Ваня не раздумывал даже секунды. В голове отчаянно билась мысль, что с женщинами все сильно усложнится, но одновременно он понимал, что просто не сможет бросить их.
Приказал охраннику вылезать и сам отошел на пару шагов.
— Что-то не так, господин лейтенант? — краснорожий нагло на него уставился. — Решили сами побаловаться с русскими шлюшками? Так я не против. Только и мне пусть достанется. Хотя они вонючие и грязные как свиньи. Может сначала отмоем?
— Все нормально солдат, — успокаивающе сказал Ваня и влепил ему пулю в голову. Вторая уложила шофера.

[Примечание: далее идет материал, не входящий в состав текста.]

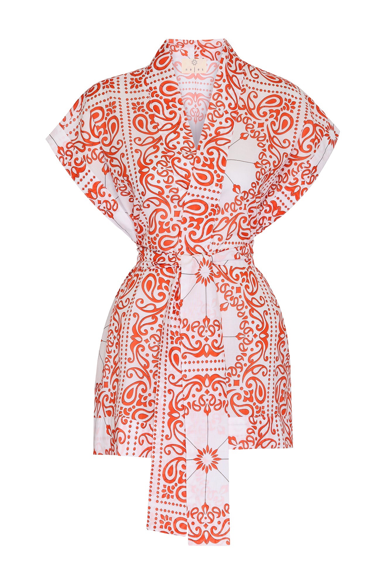 Short-sleeved,loose fit, hip length vest with a matching belt.

— Что вы творите? Я не понял! Да как вы смеете? Это же немецкие солдаты! — из Кюбеля вскинулся эсэсовец.
Вальтер бабахнул третий раз и на одного штурмбанфюрера в распоряжении рейхсфюрера стало меньше.
— Зачем? — Синицына недоуменно уставилась на Ивана. — Зачем ты это сделал?

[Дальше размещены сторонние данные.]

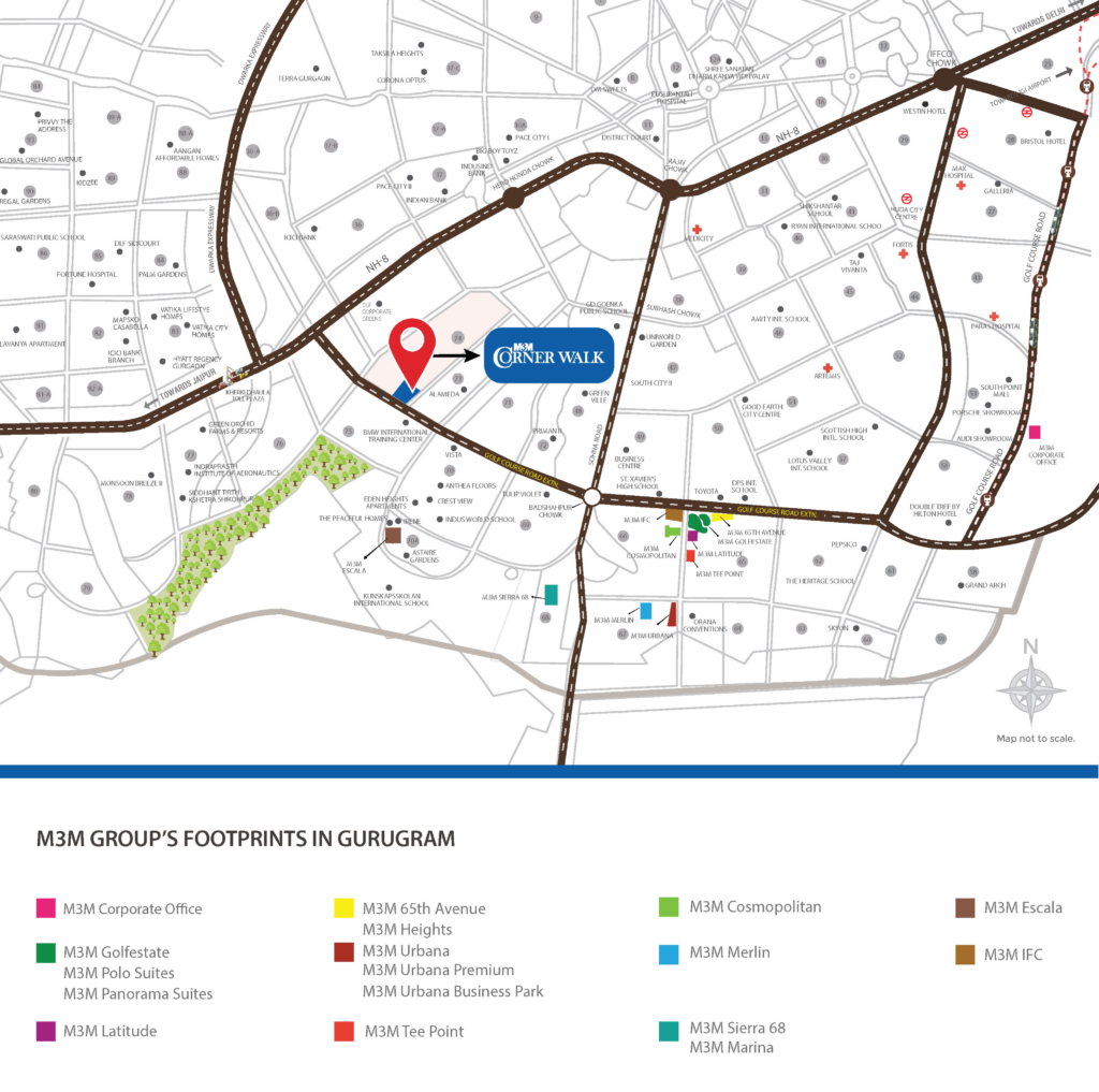 ‘M3M Corner Walk’ enjoys excellent arterial connectivity to Dwarka, Manesar, and NCR. In addition, the project is well-connected to Golf Course Road, Sohna Road, and NH8. Intended to be the preferred hot spot for upscale retail outlets and large corporates, ‘M3M Corner Walk’ is bound to be the focal point of business.

— Сейчас поймешь, — Ваня запрыгнул в кузов и принялся резать кинжалом путы на врачихах.
Елистратова растерянно прошептала.
— Вы кто? — а потом ахнула и сквозь слезы запричитала: — Ванечка, мой Ванечка! Я знала, знала, что увижу тебя еще!
— Есе много девка, — флегматично заметил Петруха. — Мосет холосо, мосет плохо, моя не снает...
— И что теперь будем делать? — Синицына окинула освобожденных медичек неожиданно недружелюбным взглядом. — Что мы с ними будем делать?
Ваня вздохнул:
— Что будем делать? Придумаем, что делать...
Глава 20
Глава 20
Для того, чтобы ответить на вопрос: что делать, пришлось много думать.
Первым делом Ваня отогнал машины в лес, поручил Варваре и Петрухе накормить медиков, а сам отошел в сторонку, присел на пенек и крепко задумался.
Медицинские работники крепко спутали планы. Сравнительно безопасный вояж с эсэсовцем сменился на...
— На полную жопу он сменился... — зло буркнул Иван себе под нос и развернул карту.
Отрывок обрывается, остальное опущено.